Pembina Perkumpulan untuk Pemilu dan Demokrasi (Perludem), Titi Anggraini usai Media Talk di kantor KemenPPPA, Jakarta Pusat, Senin (22/1/2024). (IDN Times/Lia Hutasoit)
Anggota Dewan Pembina Perkumpulan untuk Pemilu dan Demokrasi (Perludem), Titi Anggraini dalam paparannya di Media Talk KemenPPPA pada Senin (22/1/2024) menjelaskan berbagai hambatan, bukan hanya keterwakilannya tapi nanti di tahap pemilihan.
Itu mulai dari faktor sosial dan kultural masyarakat yang masih mendiskriminasi perempuan. Perempuan mengalami stigma, stereotipe, marginalisasi, beban ganda, dan kekerasan terhadap perempuan masih terjadi.
Masih ada anggapan kepemimpinan lebih pantas diberikan kepada caleg laki-laki.

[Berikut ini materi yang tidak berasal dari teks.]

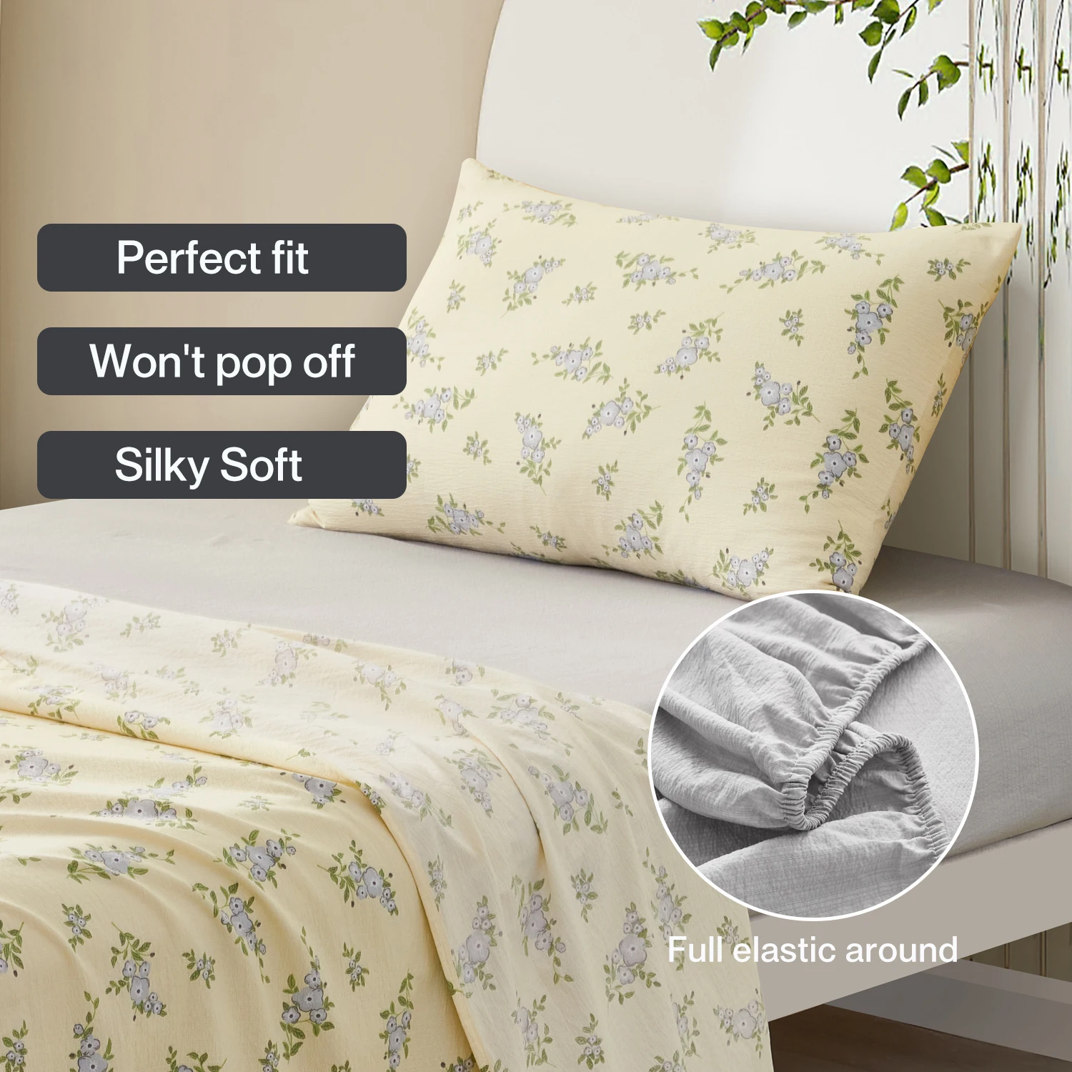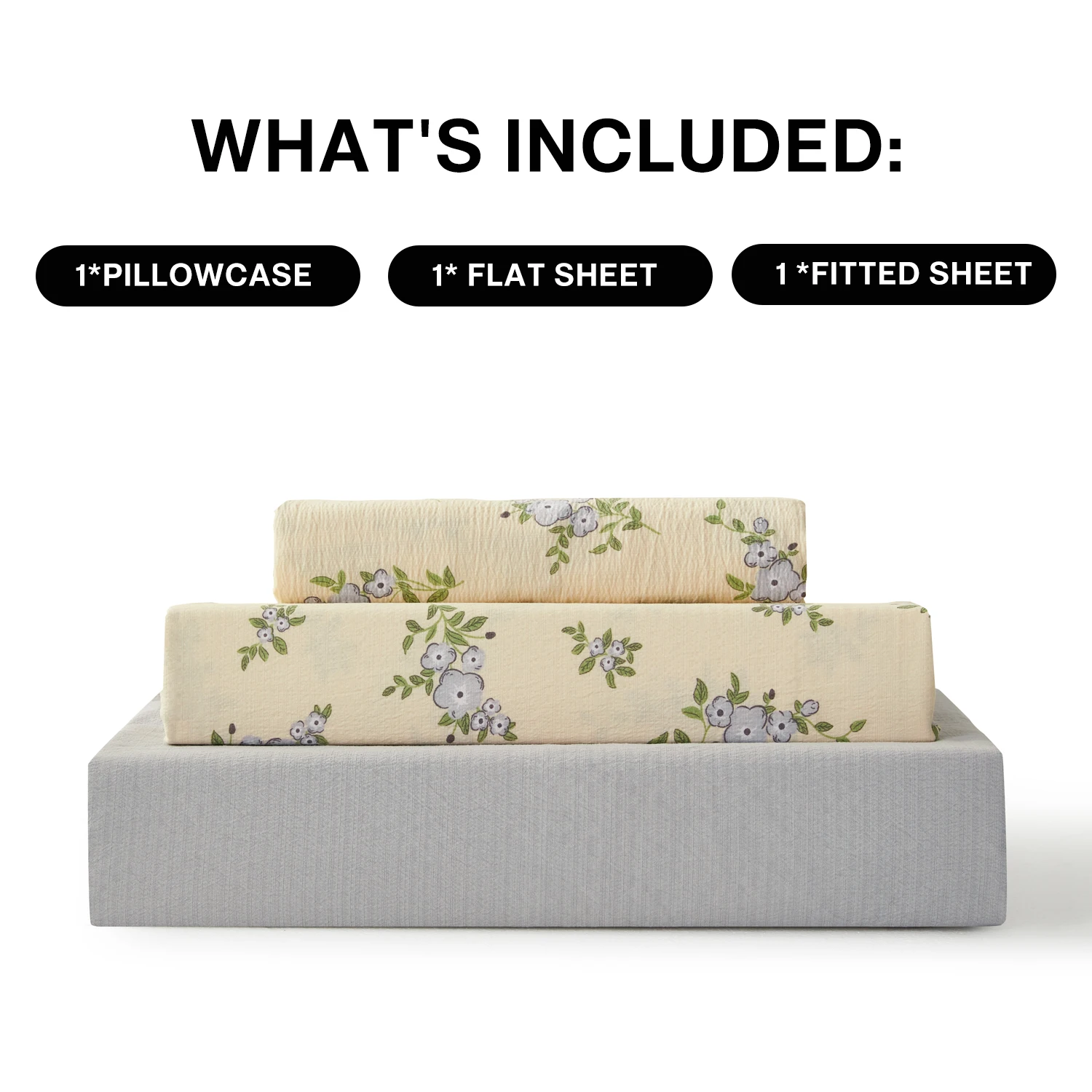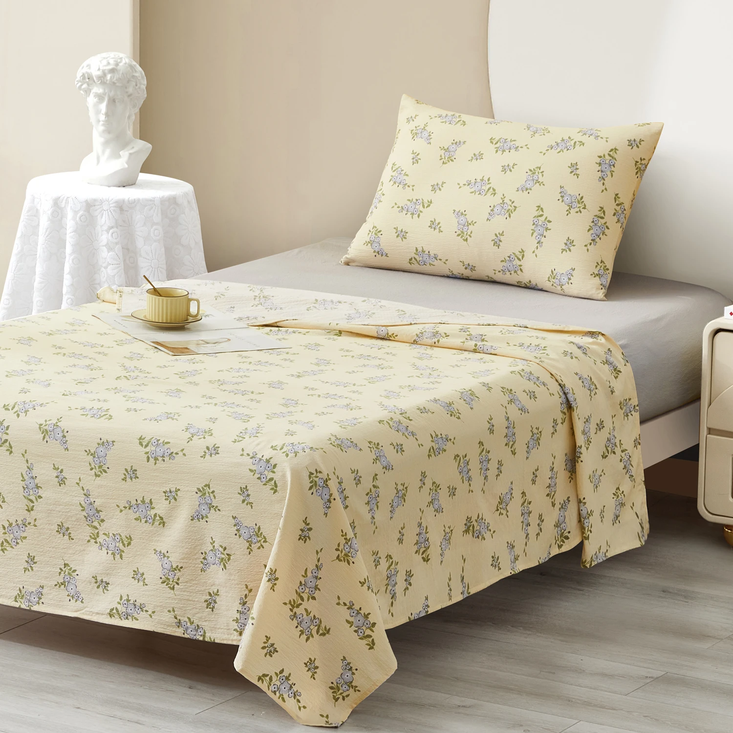Luxury Double Bedroom Bed Sheets Set 3pcs Printed Plant Pattern Woven King and Queen Sizes Low MOQ for Home Use

Belum lagi politik biaya tinggi jadi konsekuensi sistem pemilu Indonesia yang rumit, kompleks, dan mahal. Hal ini menghambat kiprah politik perempuan.
Dia juga mengatakan, perempuan menghadapi politik transaksional di pemilu, yakni jual beli nomor urut, jual beli suara, dan masih adanya praktik suap dalam penghitungan suara menjadikan perempuan politik makin tersisih.
"Sistem politik dan sistem pemilu belum menghadirkan ekosistem kompetisi yang bersih dan sehat," kata dia.